Is there anything more delightful than a child’s wide smile…etched in the juice of fresh-from-the-field strawberries? Ripening on the vine by late spring, strawberries are often the first fruit to appear in Northern California and they seem to hold a special allure. Is it the luscious sweetness of these little fruits that makes them so appealing? Or their red, heart-shaped form? Perhaps it’s the distinctive, oh-so-tempting fragrance of a freshly picked berry? Whatever it is, the combination is pure mouth-watering magic. Farmer Mark Johnson says strawberries are always one of the most popular offerings at Johnson U-Pick Farm, his small family operation in Gridley. “We grow blueberries, cherries, tree fruits and lots of vegetables,” says Farmer Mark. “But people really love picking strawberries.”
Delicious and Nutritious
Michelle Harris’s family runs California Heritage Farms and the Harris U-Pick Berry Patch in Fort Jones. As a registered dietitian, Michelle knows strawberries are more than simply delicious. “A half cup of sliced strawberries, or about four big berries, contains three-quarters of the recommended daily allowance of Vitamin C,” she says. “Strawberries are also high in fiber and folate.” Another bonus? Though sweet as any dessert, that half cup of strawberries has only about 25 calories.
Michelle says summers don’t get overly hot on their farm, located at an elevation of almost 2,800 feet in the foothills of Siskiyou County. Most years, this allows strawberry production to continue through October. Her favorite way to eat them is straight off the vine, but she loves that strawberries are very versatile. “Of course we use strawberries in smoothies and homemade popsicles,” Michelle says. “But I’ll often slice them into a spinach salad for a little sweetness, and many people use them in salsa. We also fill our freezer with berries so we can eat them all year long.”
For successful freezing, place washed/dried berries on a cookie sheet, set them in the freezer for a couple of hours until they are firm and then transfer them into a large freezer bag. This process prevents berries from clumping together as they freeze.
A Sweet Gift for Mom
Fresh local strawberries begin to arrive just in time for Mother’s Day, and many bakeries make confections featuring this succulent favorite.

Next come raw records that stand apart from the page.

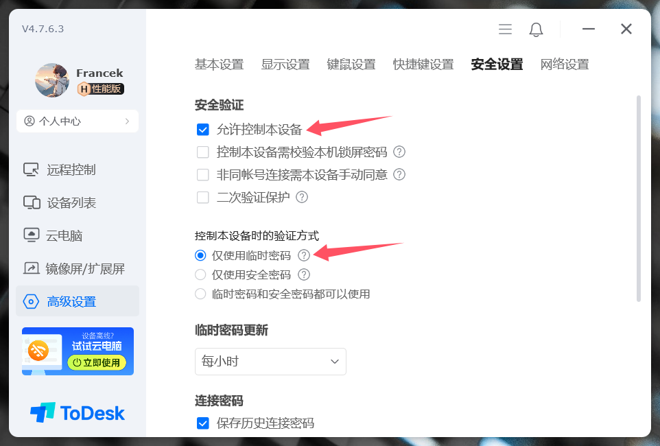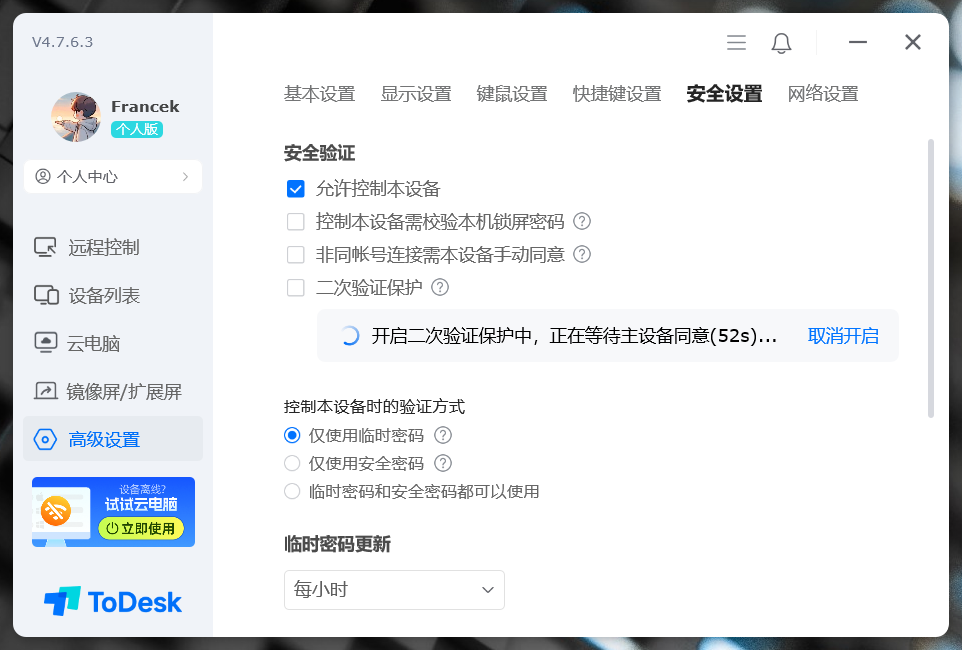 此外还提供了常规的临时密码设置,有五种更新频率:手动、每1小时、每12小时、每日、每次远控后,用户可以根据使用场景选择,分享远控连接的建议选择高频更新,这样可以更好地保障密码设置。
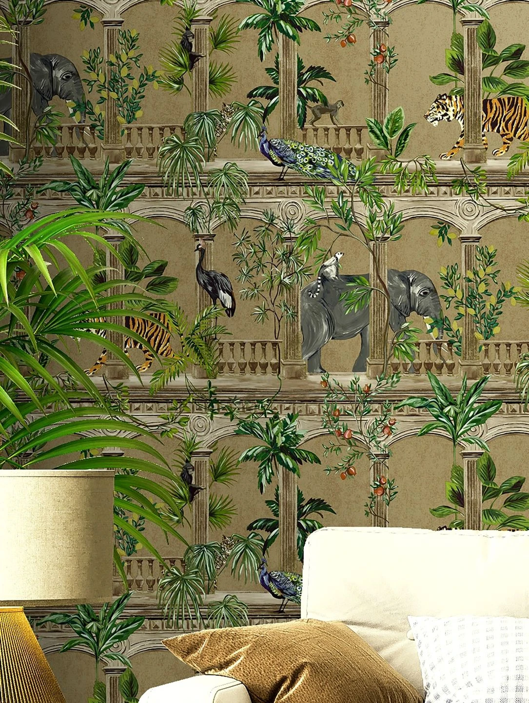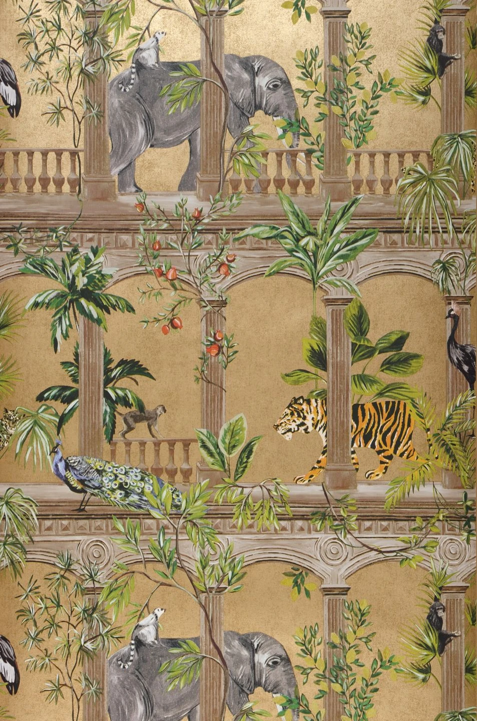 Luxuriös und exotisch verwandelt Lunasa mit ihren detailreichen Abbildungen Ihren Raum in die Suite eines orientalischen Palastes. Auf perlgoldfarbenem Grund sind zwischen Säulen, Balustraden und verschiedenen Palmen und Sträuchern Elefanten, Tiger, Affen und Pfauen zu sehen. Das schimmernde Perlgold lässt die Vliestapete besonders edel wirken und bietet einen tollen Hintergrund für die lebendige Vielfalt der Illustrationen.
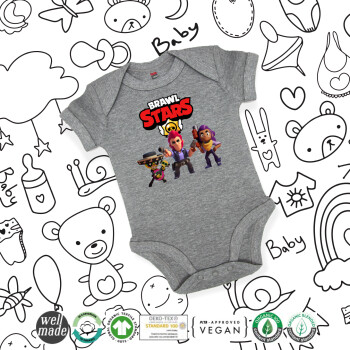 Brawl Stars Desert, Βρεφικό φορμάκι μωρού, 0-18 μηνών, ΓΚΡΙ ΜΕΛΑΝΖΕ, 100% Organic Cotton, κοντομάνικο

Melissa Peters, owner of Mim’s Bakery in Chico, says she generally uses strawberries only when they’re in season. She likes to acquire her berries from fruit stands and farmers’ markets. “Our Strawberry Bavarian Cake is a butter sponge cake with strawberries, Bavarian custard filling and a thin layer of chocolate ganache,” Melissa says. “And the Fruit Basket Cake, made with an assortment of berries, is another popular choice.”
If Mom has a green thumb, consider giving her strawberry plants. Easy to grow and relatively low maintenance, they can be planted in a container or garden bed; some types will produce strawberries the first year. The wandering tendrils and delicate white flowers make pretty ground cover, or can flow from a hanging planter.
Lenora “Lee” Meier is a customer representative at Lassen Canyon Nursery in Redding, which supplies strawberry plants to both commercial farms and home gardeners. For the backyard grower, she suggests a day-neutral variety such as Seascape or Sweet Ann. These plants produce large flavorful berries, and because they are not dependent on day length they’ll produce well into the fall. Though not a retail shop, Lassen Canyon Nursery always tries to accommodate local walk-ins and provides a wealth of information on strawberry gardening. “We also supply our local retail nurseries, so please check with them as well,” Lee says.
Stuffed Strawberries
Ingredients:
- 8-ounce package cream cheese, softened
- ¼ cup powdered sugar
- Batch of large, firm strawberries
Mix cream cheese and powdered sugar. Wash and dry berries. Remove tops and “core.” Fill strawberry holes with cream cheese mixture, using a pastry piping bag – or simply cut a small hole in the corner of a zip-locked bag.
Kids love this light dessert served as a finger food, and your mom will love it too!
Recipe courtesy of Melissa Peters, Mim’s Bakery
Berry picking? Don’t forget to bring:
- Sunscreen.
- Hat with brim.
- Shoes rather than sandals. (Bees, mud, and farm equipment may be present.)
- Water bottle.
- Rigid container, unless grower provides flats. (Berries get squashed in a bag.)
*Call the farm to confirm hours of operation and berry availability!
Strawberry Trivia
- Each strawberry has about 200 seeds.
- Strawberries belong to the genus Fragaria, and are part of the rose family.
- California leads the nation in strawberry production, growing about 88 percent of U.S.-produced strawberries.
- The average American eats about 3.4 pounds of fresh strawberries annually.